Factors affecting outcome

Chronicity of DAIR

There are several variables recognised to influence the success of DAIR for infection control of PJI, with chronicity of infection one such factor. Specifically, the more chronic the duration of PJI, the less successful is DAIR. Kunutsor et al.’s meta-analysis reported infection control of 67.7% (95% CI: 68.9–81.5%) for acute postoperative infection, and 52.7% (95% CI: 40.8–64.5%) for acute haematogenous infection, falling to 31.9% (95% CI: 8.5–60.2%) in late chronic PJI (Table 4) (18). A similar pattern was demonstrated in subgroup analyses exploring time from primary implantation to symptom onset, duration of symptoms before DAIR and time from index primary implantation to DAIR (shorter windows demonstrated better success). It should be noted that these figures include DAIR outcomes of different joints, with the same meta-analysis demonstrating lower success rates for knee DAIR compared to hip, shoulder and elbow. However, Ottesen et al. reported that DAIR within 90 days of primary implantation had treatment success of 90% vs. 60% for those revised with DAIR beyond 90 days (41). Narayan et al. similarly found that patients undergoing DAIR sooner after index TKA (≤2 vs. >2 weeks) had greater treatment success (23). Qu et al. demonstrated that a symptom period of >3 weeks resulted in reduced DAIR success rates for knee PJI (20). The lower success for infection eradication associated with the duration of infection is likely related to the development of a mature biofilm on prosthetic surfaces. Both the mature biofilm, and the metabolic changes of bacteria within in the biofilm, demonstrate resistance mechanisms to host defences and antibiotics.
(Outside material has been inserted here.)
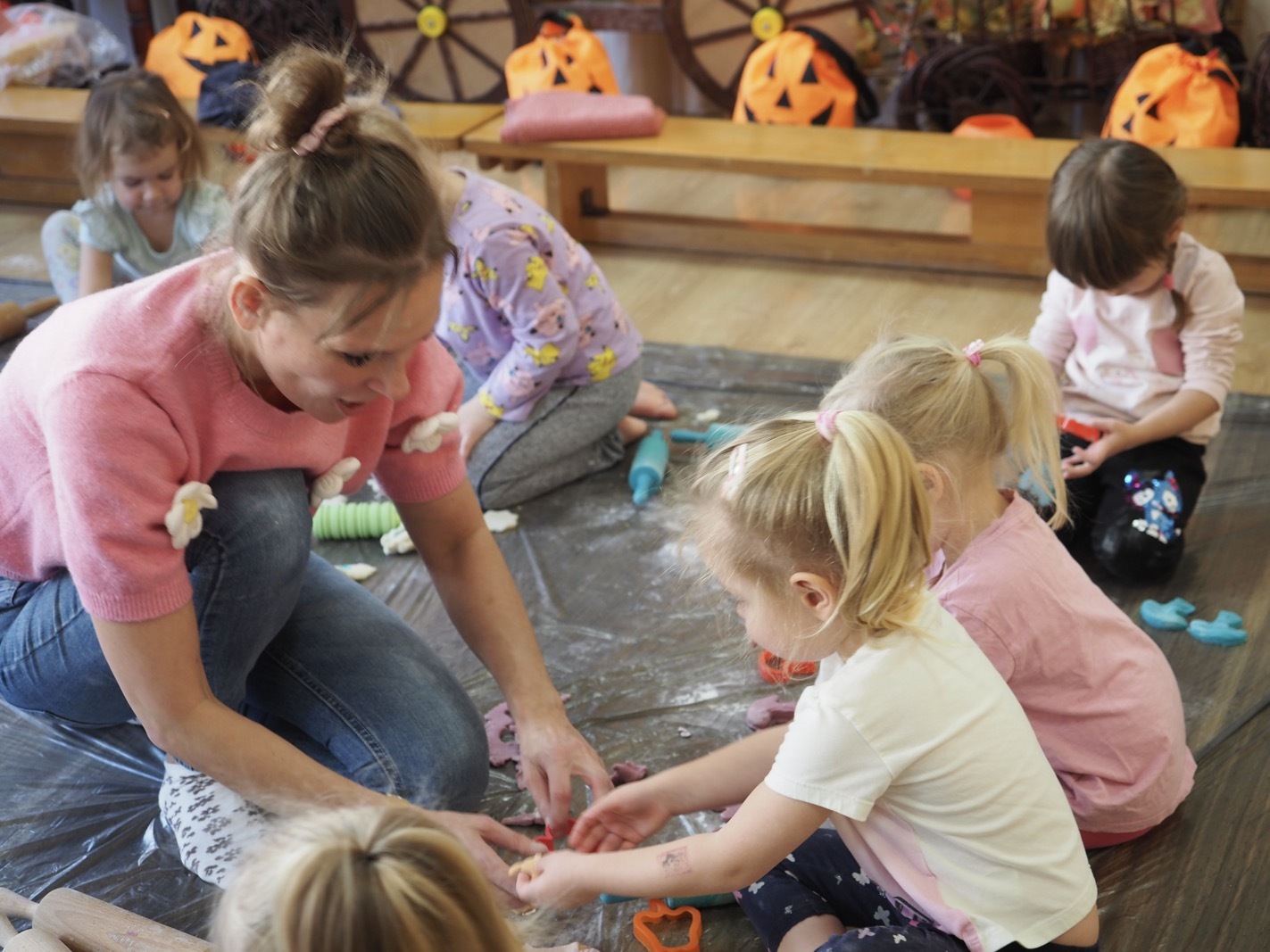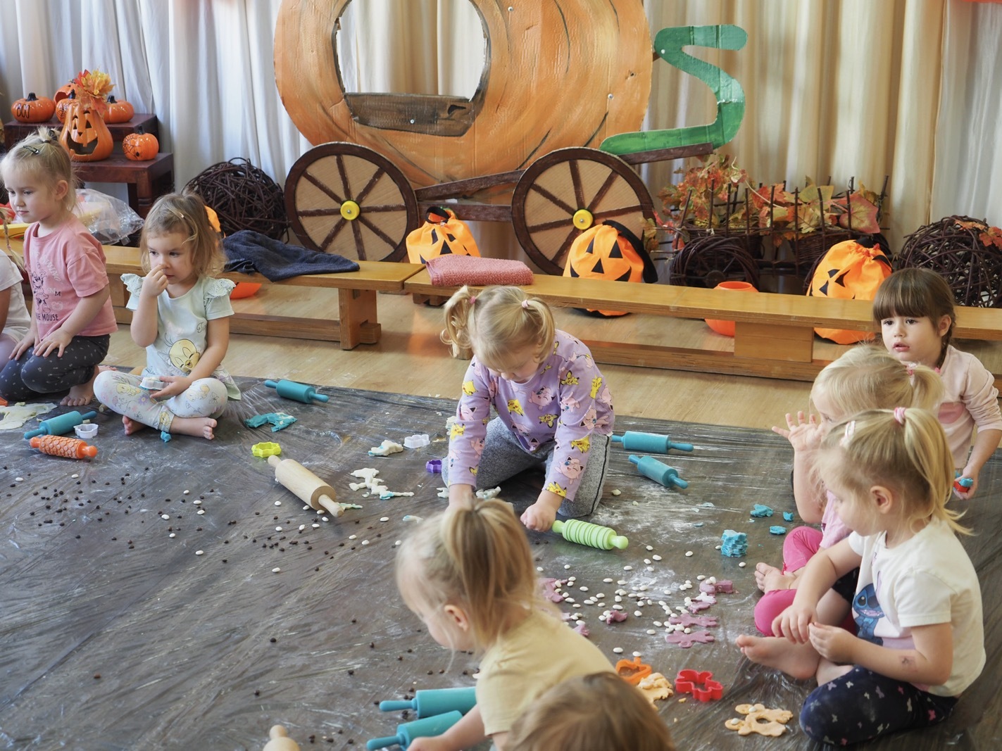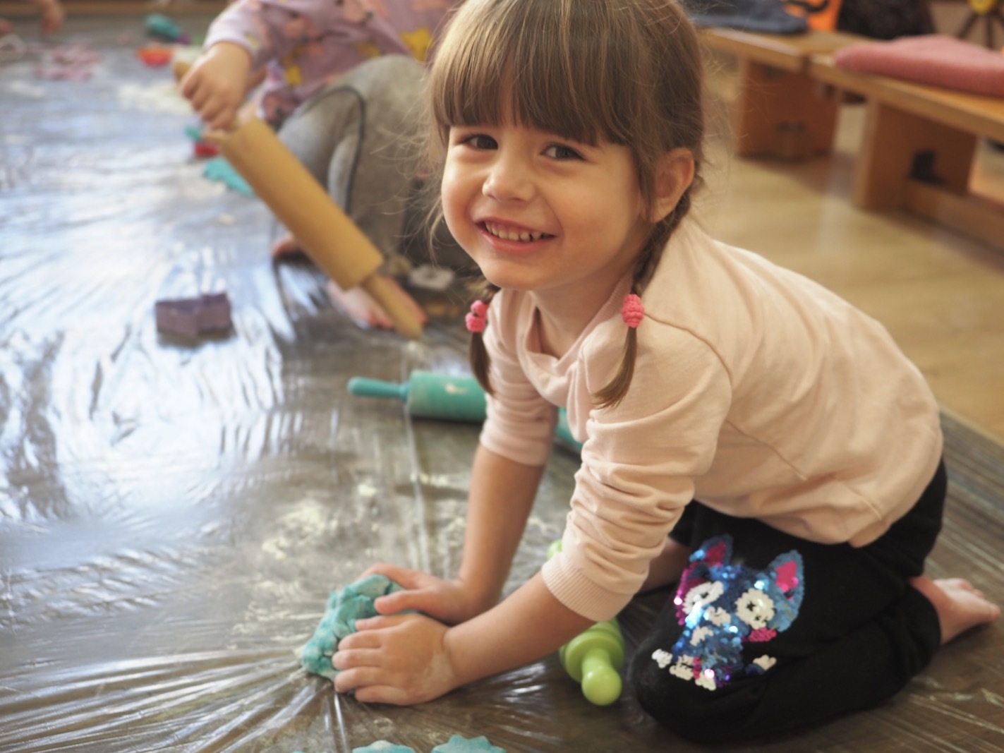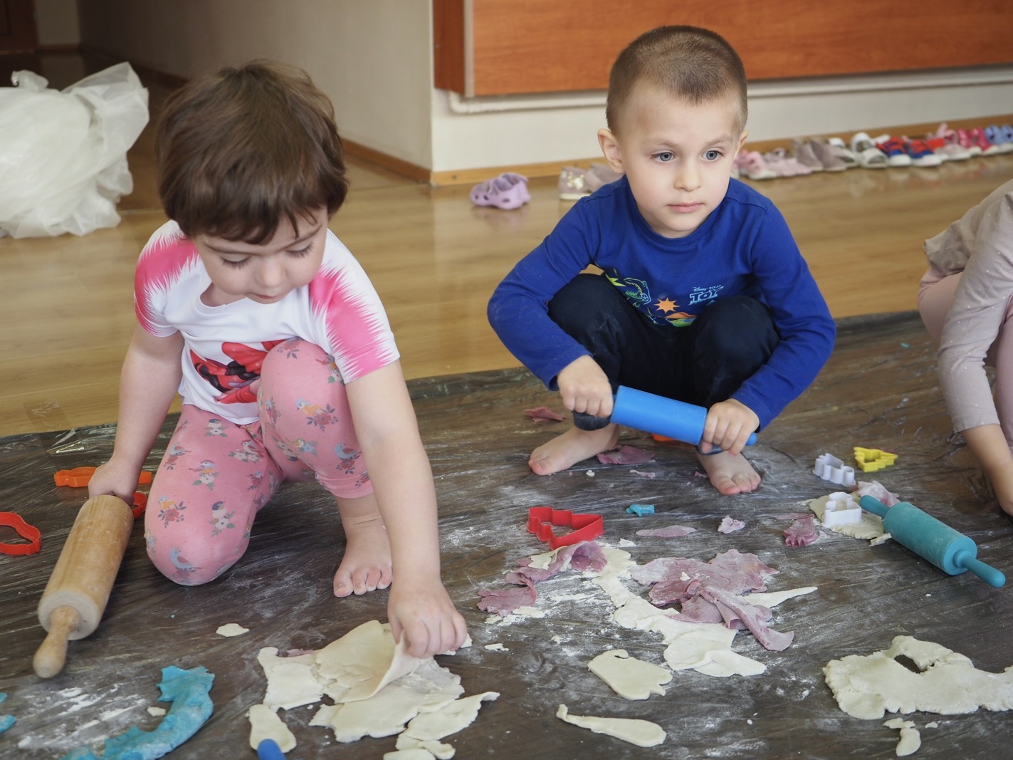 Sensoplastyka - grupa 1. Celem zajęć jest stymulacja rozwoju sensorycznego, kreatywności, samodzielności i świadomości ciała poprzez swobodną zabawę i doświadczanie.

Classically these time windows have been described as acute post-operative (≤3–6 weeks after primary implantation), acute haematogenous (any time after the acute post-operative period and with a short symptom history) or chronic. Acute post-operative PJI is likely secondary to operative contamination, whereas acute haematogenous results from seeding of bacteria from other sites. Whilst useful as a clinical guide, there are recent suggestions to move away from such a classification, given greater understanding of biofilm formation (42).

Table 4

Chronicity of PJI and DAIR

Report details Study type Study time period PJI type Study groups Follow-up period Outcomes Other comments
Qu et al., 2019, China Meta-analysis Studies Prior to Jan 2018 Mixed Symptom duration <3 weeks (n=357); symptom duration >3 weeks (n=57) Mixed Infection control in <3-week group 71.15% (95% CI: 66–76%); infection control in >3-week group 35.09% (95% CI: 23–47%) Statistically higher treatment success with early DAIR
Kunutsor et al., 2018, UK Meta-analysis Studies prior to May 2017 Mixed Acute post-operative (n=1,037); acute haematogenous (n=234); late chronic (n=119); <21 days symptoms (n=1,832); ≥21 days symptoms (n=393) Mixed Infection control rates provided as % with 95% CI: acute post-operative: 67.70% (95% CI: 59.60–75.50%); acute haematogenous: 52.70% (95% CI: 40.80–64.50%); late chronic: 31.90% (95% CI: 8.50–60.20%); <21 days symptoms: 65.10% (95% CI: 59.60–70.50%); ≥21 days symptoms: 42.80% (95% CI: 20.70–66.40%) Infection control rate by PJI type was statistically significant (note: analysis includes DAIRs of various joints)
Ottensen et al., 2018, Denmark Retrospective cohort 2008 to 2013 All PJI after primary TKA treated with DAIR DAIR within 28 days (n=34); DAIR after 90 days (n=10) Minimum 2 years Success if DAIR within 28 days: 85%; success if DAIR after 90 days: 60% Cases categorised based on timing of DAIR after surgery, rather than duration of symptoms
Narayan et al., 2018, United States Retrospective cohort 2009 to 2017 Mixed DAIR ≤2 weeks after index TKA (n=17); DAIR >2 weeks after index TKA (n=38) Mean 2.5 years Early DAIR: treatment success 82%; Late DAIR: treatment success 50% Statistically greater treatment success when DAIR performed within 2 weeks of index TKA

TKA, total knee arthroplasty; PJI, periprosthetic joint infection; DAIR, debridement, antibiotics and implant retention; CI, confidence interval.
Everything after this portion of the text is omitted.